To use a function pointer in an optimal way, always process batches of data in the function pointer, like so:
```c#
[BurstCompile]
public class MyFunctionPointers
{
public unsafe delegate void MyFunctionPointerDelegate(int count, float* input, float* output);
[BurstCompile]
public static unsafe void MyFunctionPointer(int count, float* input, float* output)
{
for (int i = 0; i < count; i++)
{
output[i] = math.sqrt(input[i]);
}
}
}
[BurstCompile]
struct MyJob : IJobParallelForBatch
{
public FunctionPointer<MyFunctionPointers.MyFunctionPointerDelegate> FunctionPointer;
[ReadOnly] public NativeArray<float> Input;
[WriteOnly] public NativeArray<float> Output;
public unsafe void Execute(int index, int count)
{
var inputPtr = (float*)Input.GetUnsafeReadOnlyPtr() + index;
var outputPtr = (float*)Output.GetUnsafePtr() + index;
FunctionPointer.Invoke(count, inputPtr, outputPtr);
}
}
```
Thee modified `MyFunctionPointer` takes a `count` of elements to process, and loops over the `input` and `output` pointers to do a lot of calculations. The `MyJob` becomes an `IJobParallelForBatch`, and the `count` is passed directly into the function pointer. This is better for performance because of the following reasons:
* Burst vectorizes the `MyFunctionPointer` call.

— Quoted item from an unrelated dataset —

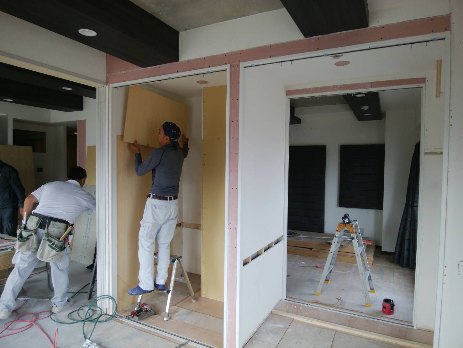 収納がたくさんできるよう、今は新しく壁となる部分にボードを貼っています。

* Because Burst processes `count` items per function pointer, any overhead of calling the function pointer is reduced by `count` times. For example, if you run a batch of 128, the function pointer overhead is 1/128th per `index` of what it was previously.
* Batching results in a 1.53x performance gain over not batching.
However, to get the best possible performance, use a job. This gives Burst the most visibility over what you want it to do, and the most opportunities to optimize:
```c#
[BurstCompile]
struct MyJob : IJobParallelFor
{
[ReadOnly] public NativeArray<float> Input;
[WriteOnly] public NativeArray<float> Output;
public unsafe void Execute(int index)
{
Output[i] = math.sqrt(Input[i]);
}
}
```
This runs 1.26x faster than the batched function pointer example, and 1.93x faster than the non-batched function pointer examples. Burst has perfect aliasing knowledge and can make the broadest modifications to the above. This code is also a lot simpler than either of the function pointer cases.